Black Glove Ballads: The Art of the Italian Giallo Soundtrack 3.0: Bonus Content!

October 11, 2013 | By


Big thanks to the kind film / giallo / film music fans who came down to the Big Picture Cinema and attended my lecture on the film music of giallo films.

Hopefully things were presented in a way that worked for everyone, with thoughts and facts ably supporting the film and music clips covering the nature of the giallo; its roots; chief pioneers Mario Bava and Dario Argento; and stellar composers Carlo Rustichelli, Stelvio Cipriani, Bruno Maderna, Ennio Morricone, and Goblin.

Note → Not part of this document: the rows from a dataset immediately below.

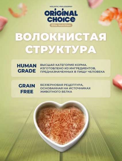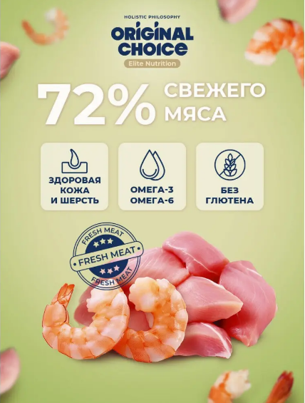 Откройте новый уровень вкуса и заботы о Вашем питомце с ORIGINAL CHOICE Elite Nutrition Adult! Этот изысканный корм содержит нежное филе индейки и креветки в аппетитном желе.
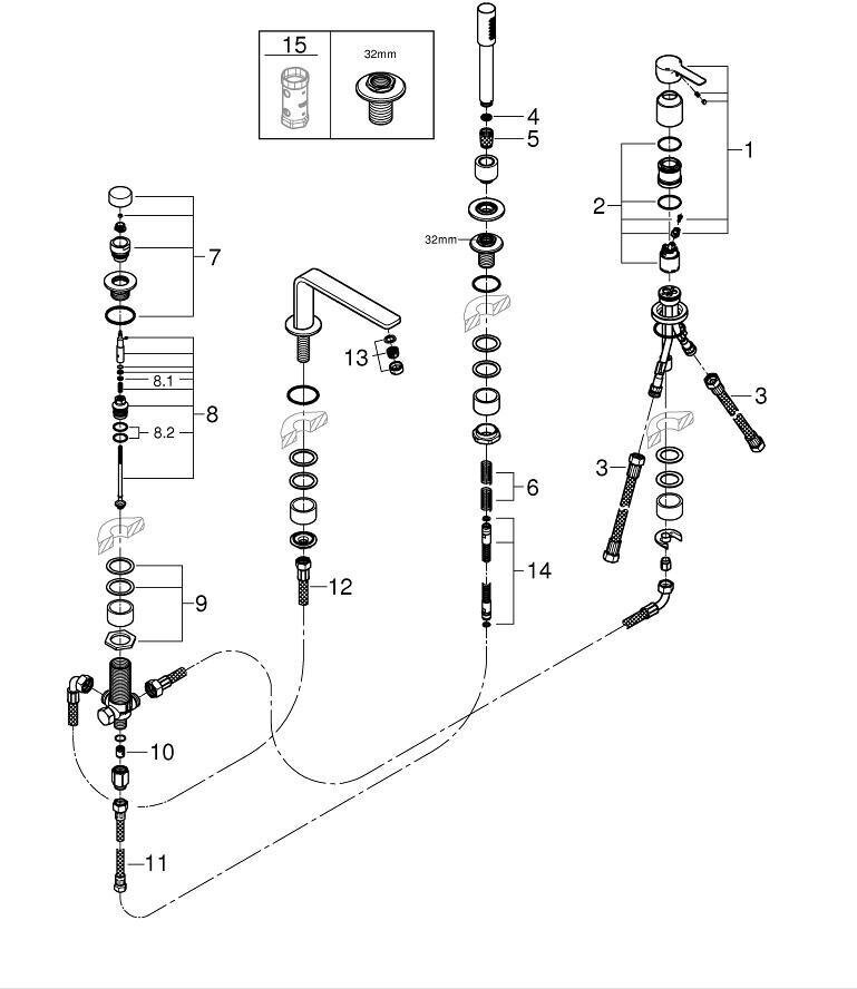 Отзывы на Смеситель для ванны GROHE Lineare New на 4 отверстия с душевым гарнитуром, хром (19577001)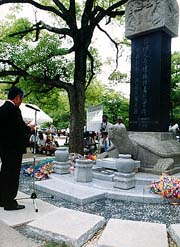 公園内に移設された慰霊碑には、8月6日に、小渕恵三首相も訪れ、献花した。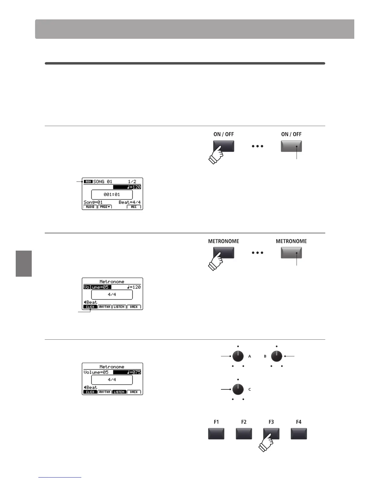 * The metronome tempo can be adjusted within the range of 30-300 bpm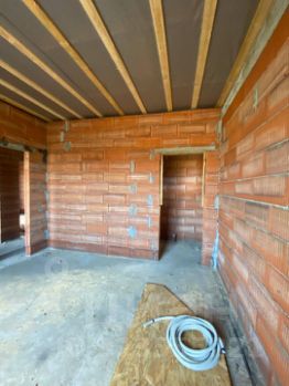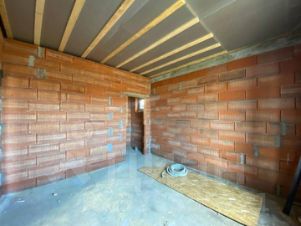 В доме выполнена предчистовая отделка:разводка по электричеству, стены оштукатуренные, механизированная стяжка пола, в комнатах установлены радиаторы отопления, мультифункциональный стеклопакет в остеклении ,установлен современный двух контурный котел отопления.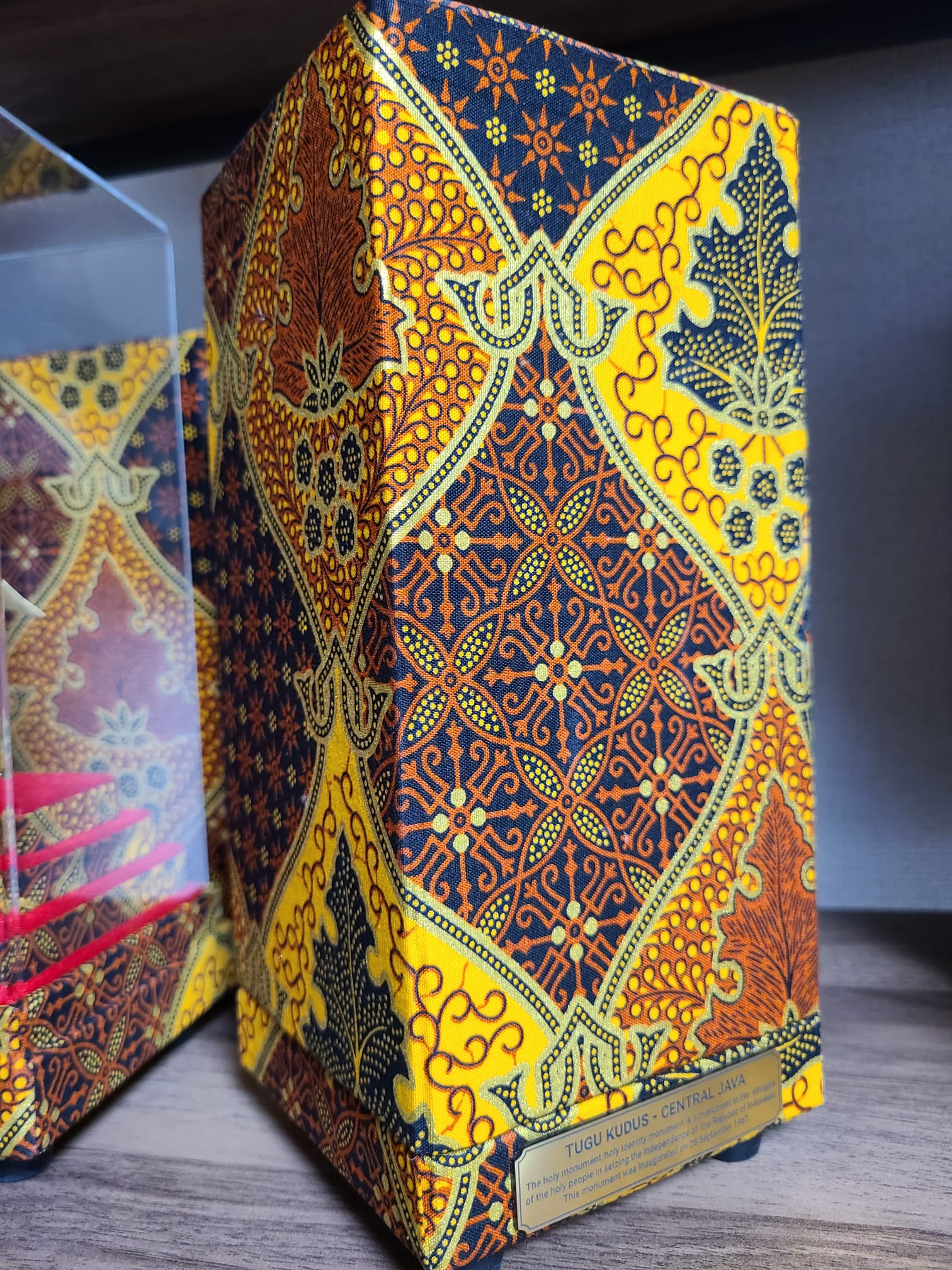 Terbuat dr bahan Kayu dan di Finishing dengan box akrilik dan di bungkus deng Batik Khas indonesia sehingga mengesankan Cindramata yang mewah dan elegan.

I think the evening’s total running time (with intro & intermission) was about 2.5 hours, so naturally there were a few things that were cut to make sure the lecture didn’t each the 3 hour mark.

I’ve uploaded two quick montages to YouTube:

1 — “Silent and Early Sound suspense film comparison.” I cut this prior to the lecture because it may have been easier with words. Maybe. Still feel this montage showed the humour between scored silent films; what was lost when dialogue and bad sound took over in early, hastily made quickies; and what was achieved under the dominance of a creative director. The montage includes The Cat and the Canary [M] (1927), The Phantom [M] (1931), and The Old Dark House [M] (1932).

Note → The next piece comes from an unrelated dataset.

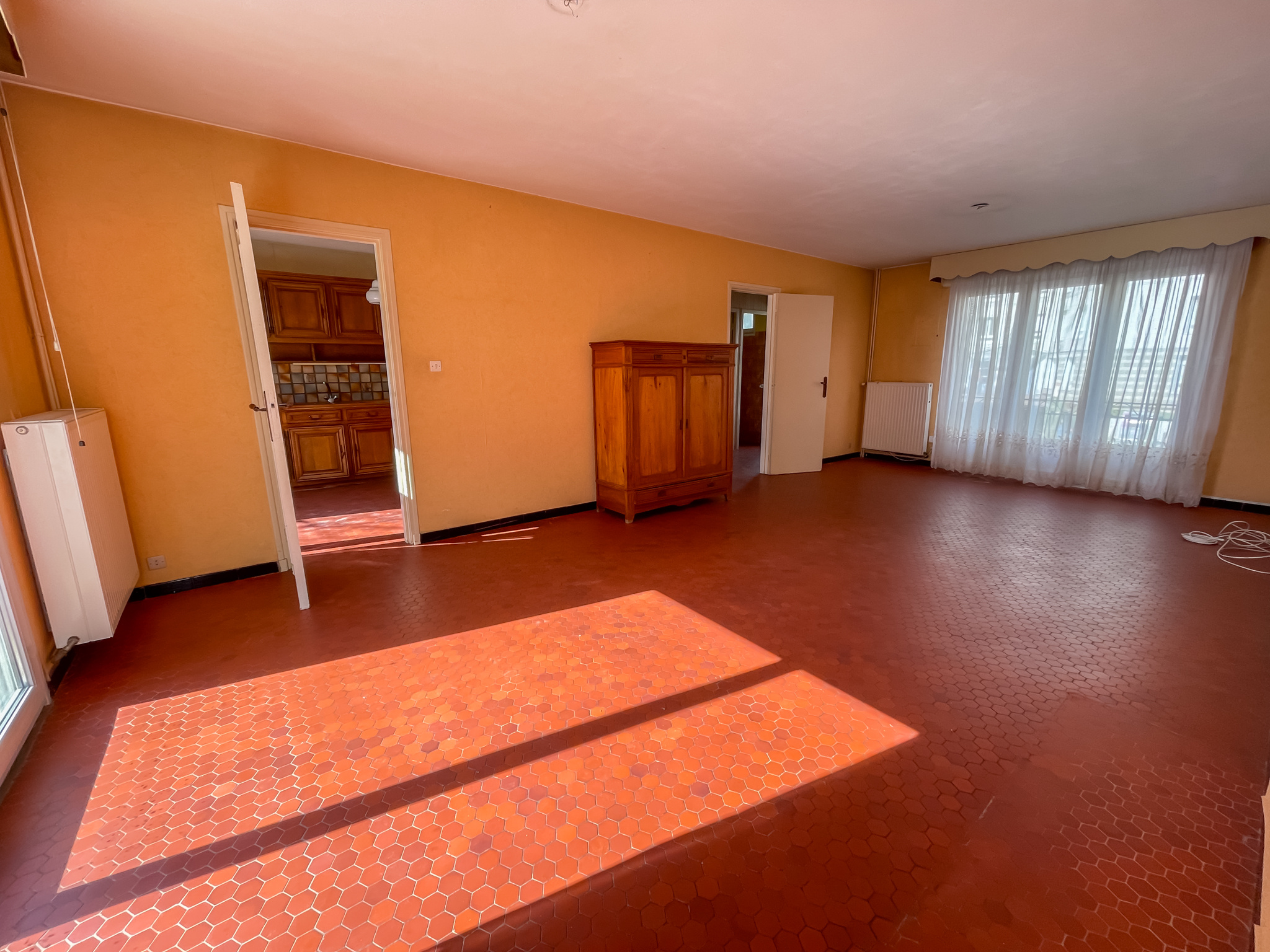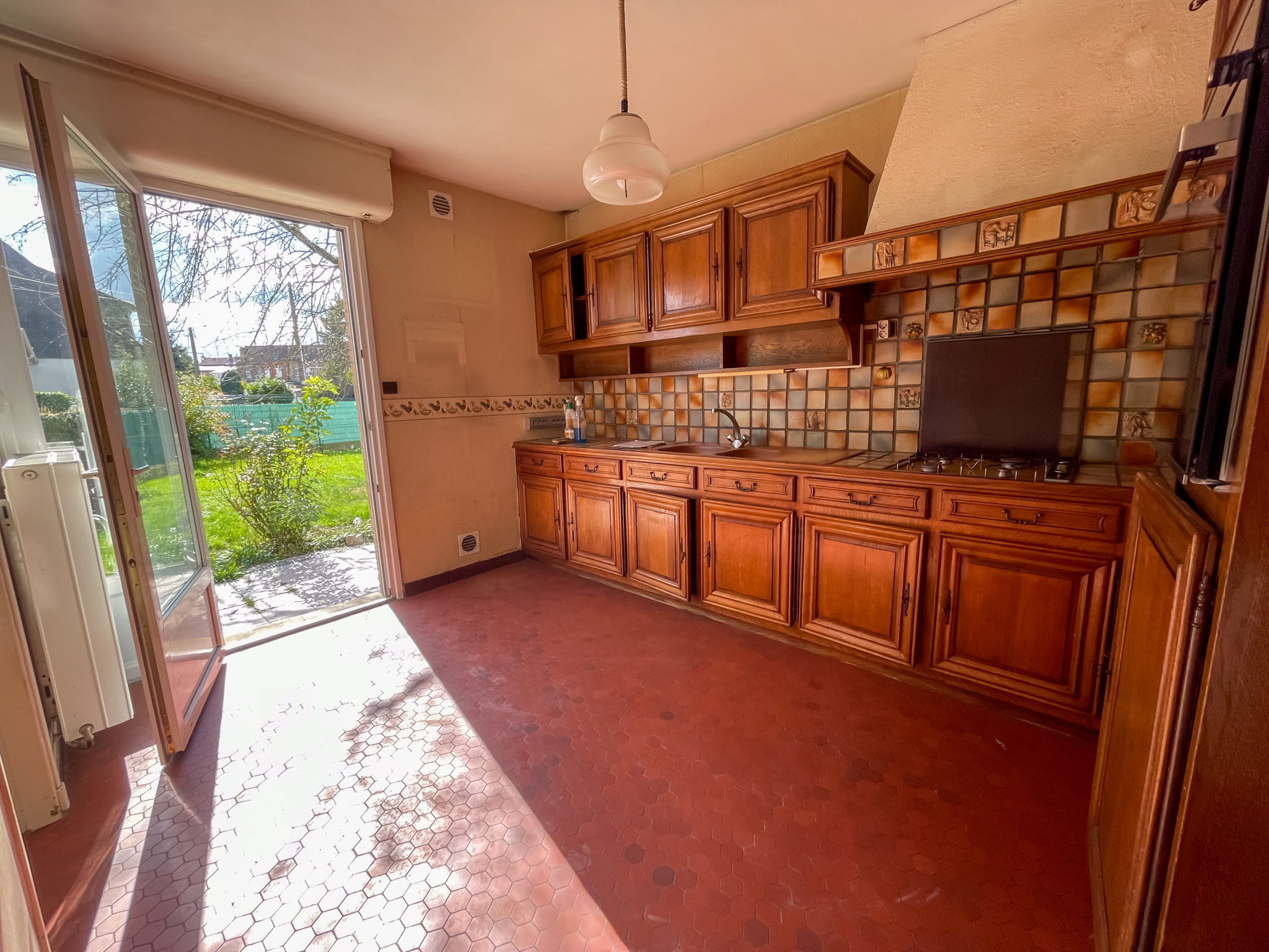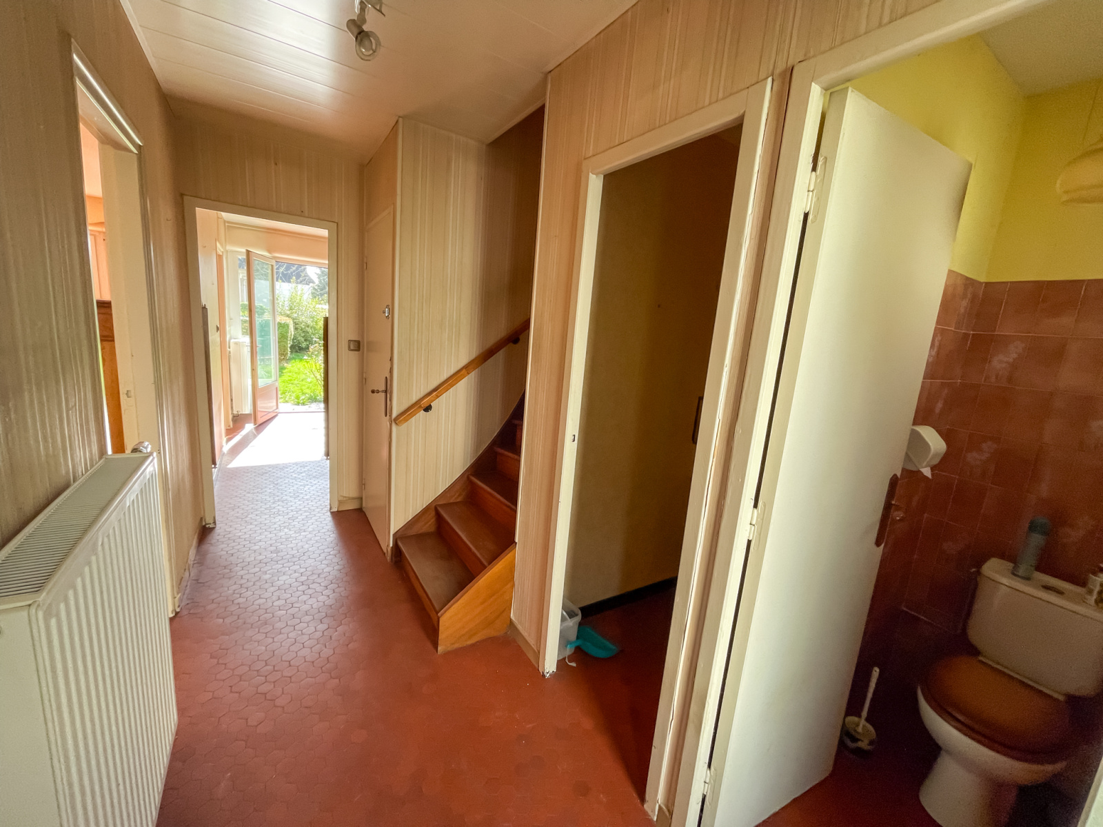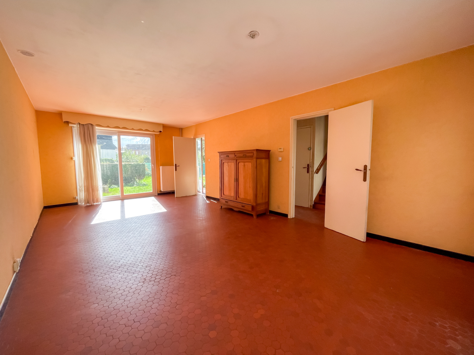 Rez-de-chaussée : hall d’entrée, WC, séjour traversant lumineux, cuisine équipée.

2 — “Stelvio Cipriani’s ‘Bay of Blood’ score – Main Titles comparison.” I boo-booed in not transferring files from the editing machine to the netbook, so here are the two music cues which clearly influenced Cipriani ‘s writing of the main titles for Mario Bava’s Bay of Blood (1971).

I’m off to catch Goblin at The Opera House tonight, so this post is a bit brief, although expect a review of the Danish crime series Those Who Kill / Dem som draber (2010) shortly, including the feature film which wrapped up the series.

Sunday will see several of the reviews currently on pause mode finally uploaded, including that podcast with World War Z’s Marco Beltrami. That’ll be followed by another nostalgia piece in salute to International Independent Video Store Day, with scans of more ephemera.

Lastly, thanks to Joe, Mark II and James for coming to the lecture, Christina and Caroline for covering shifts, Andrea and Paul for such a great opportunity to test research material for a book on Argento’s use of music that’s been on the back-burner for too long. Thanks as well to Tina,  Margaret, Dwayne, Mike (MJD), and Colleen for large & small nuggets of advice on tackling a lecture.